Rick Perry's 2012 Economic Platform

2012 Republican Presidential Candidate Rick Perry (Photo: Darren McCollester/Getty Images)

Rick Perry:

Republican Presidential Candidate Rick Perry would run the country the same way he ran Texas as its Governor. His economic policies are aligned with the Tea Party branch of the Republican party. Perry's plan is based on four principles:

  1. Don't spend all the money.
  2. Have a tax policy in place that doesn’t put undo burden on the job creators.
  3. Have a regulatory climate that is fair and predictable.
  4. Have a legal system in place that doesn’t allow for oversuing.
How well did they work in Texas, and would Perry's policies have the same success with the U.S. economy?


Perry's Economic Plan:

Perry would execute his four principles with these specific actions:

  • Require all federal agencies to "identify and eliminate federal waste by justifying every taxpayer dollar spent."
  • Repeal Obamacare. Perry believes employer-sponsored health plans are the best way to provide health care. He points out that creating jobs will reduce the strain on public safety net programs like Medicaid, saving taxpayer dollars.
  • Opposes the "Buffett Rule," which would tax millionaires at the same rate as middle income taxpayers. (Source: Perry for President)

Impact on the Economy:

Perry's plan to cut the budget sounds similar to a program used during the Bush Administration, during which the debt nearly doubled. Even if Perry's plan is more successful, it might not be the right time to engage in constrictive fiscal policy that could lead to government layoffs that would increase unemployment.

Perry's approach to providing health care insurance is to create more jobs. However, not all jobs provide health care benenfits. This approach doesn't help the millions who are self-employed. Eliminating Obamacare won't necessarily create jobs if the demand isn't there. Perry's approach doesn't address rising health care costs, which could ultimately government costs to Medicare.

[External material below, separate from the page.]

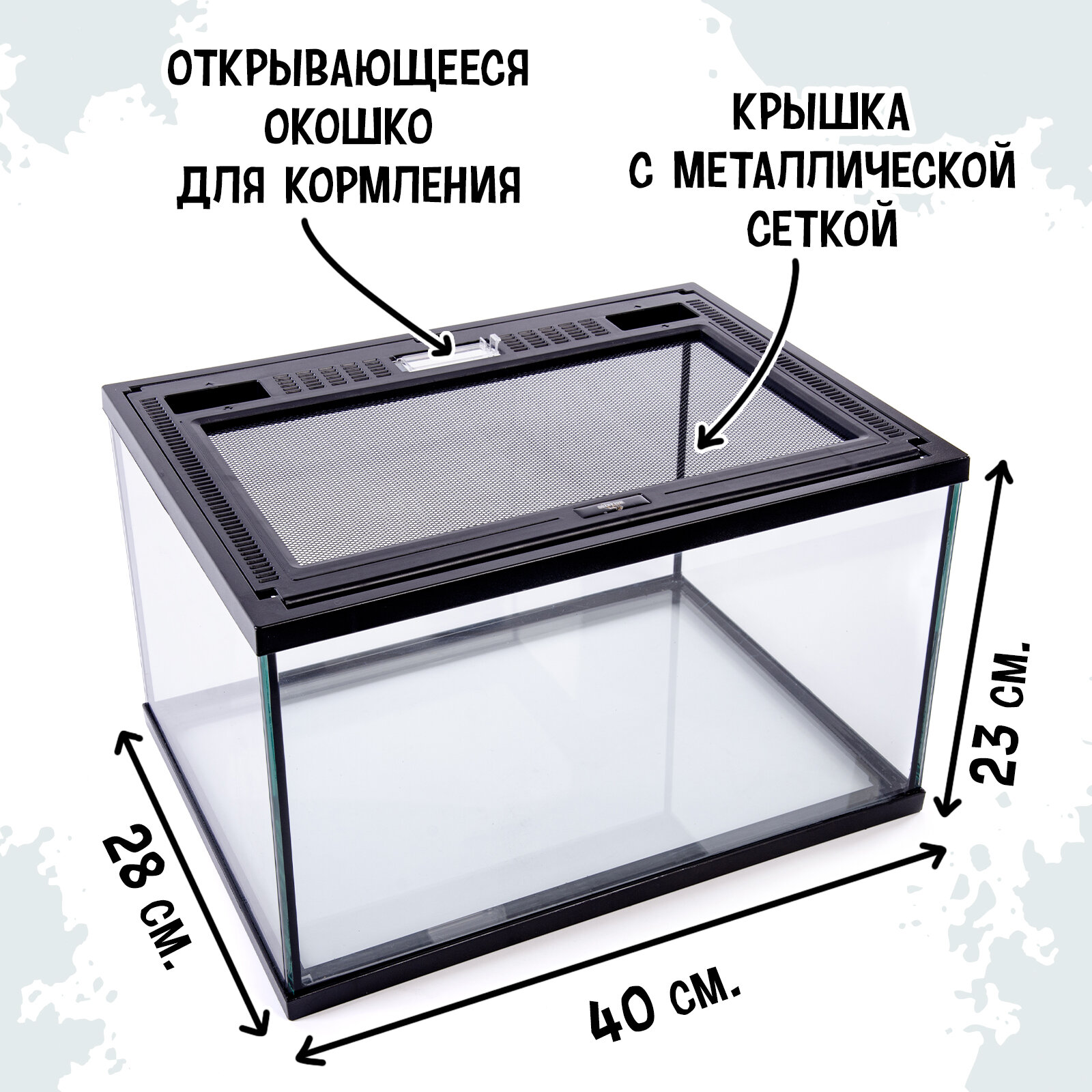 MCLANZOO Террариум стеклянный с верхней крышкой, чёрный, 40х28хН23см информация:
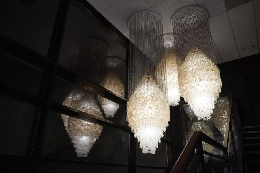De lamp heeft een diameter van 100 centimeter en een hoogte van 200 centimeter. De lamp is gemaakt van een roestvrijstalen ring met daaraan parelmoerkleurige schijfjes van schelpen. Het plafondkapje is gemaakt van wit gelakt MDF en het snoer is gemaakt van transparant plastic. De hanglamp is voorzien van een E27 fitting geschikt voor een lichtbron met een maximale Wattage van 60.

Perry, along with fellow Tea Party candidate Michele Bachmann, would eliminate the Dodd-Frank Wall Street Reform Act because it puts too much cost of compliance on small community banks. However, deregulation of big banks was a big factor contributing to the 2008 financial crisis. (Source: MSN)

Tax Cuts Alone Don't Create Jobs:

Perry's job creation strategy is to cut taxes. This is known as supply-side economic theory, which was used successfully during the Reagan Administration when the highest tax rates were above 50%. This theory is based on the Laffer Curve, which shows that tax cuts won't create jobs when tax rates are already low.

For example, jobs weren't created in 2011, even though the Bush tax cuts were extended. Instead, unemployment stayed stuck at 9% and economic growth stalled at 1% - 2%.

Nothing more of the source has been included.